When the call budget is hit, further invocations return a structured rate-limit error result so the agent can recover; the run is not aborted.

No SSRF blocking. Loopback / private IP ranges are not blocked by default. Operators who care should run agentic-pi behind their own egress firewall.

Event stream. A second extension_status event mirrors GitHub's:

{"type":"extension_status","extension":"web-search","status":"configured","provider":"tavily","toolCount":2,"maxCalls":30,"sessionId":"…","timestamp":"…"}

When skipped (no keys / --no-web-search), status: "skipped" carries a reason of disabled-by-flag or no-credentials. Misconfigurations (explicit provider whose key is missing, or an unknown provider name) surface as a warning before the run starts.
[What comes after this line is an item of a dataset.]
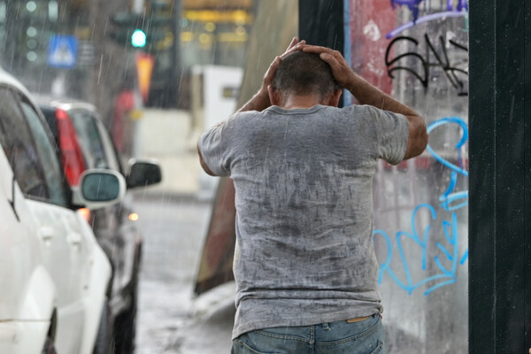 Ισχυρό μπουρίνι έπληξε την πρωτεύουσα, με το νερό να κατακλύζει δρόμους και να αναγκάζει τους Αθηναίους να βγάλουν ομπρέλα παραμονές Δεκαπενταύγουστου.

9. Default file search via FFF

agentic-pi bundles @ff-labs/pi-fff — a Rust-backed, git-aware, frecency-ranked, SIMD-accelerated fuzzy file/content search — as the default file-search backend. It ships as a dependency and is loaded for every run with no per-host pi install required.

override mode by default. FFF registers under Pi's built-in tool names (find, grep, multi_grep), transparently replacing the built-ins. The agent gets faster, git-aware search with zero prompt changes. Switch behaviour with --file-search-mode:

| Mode | Tool names | Notes | | --- | --- | --- | | override (default) | find, grep, multi_grep | Transparent replacement of Pi's built-ins. | | tools-only | fffind, ffgrep, fff-multi-grep | Added alongside Pi's built-ins; the agent chooses. | | tools-and-ui | same as tools-only | Adds @-mention autocomplete — useless headless; not recommended. |

The CLI flag maps to FFF's PI_FFF_MODE env var. An explicit PI_FFF_MODE in the environment wins over the flag. Pass --no-file-search to disable FFF entirely and fall back to Pi's built-in find/grep.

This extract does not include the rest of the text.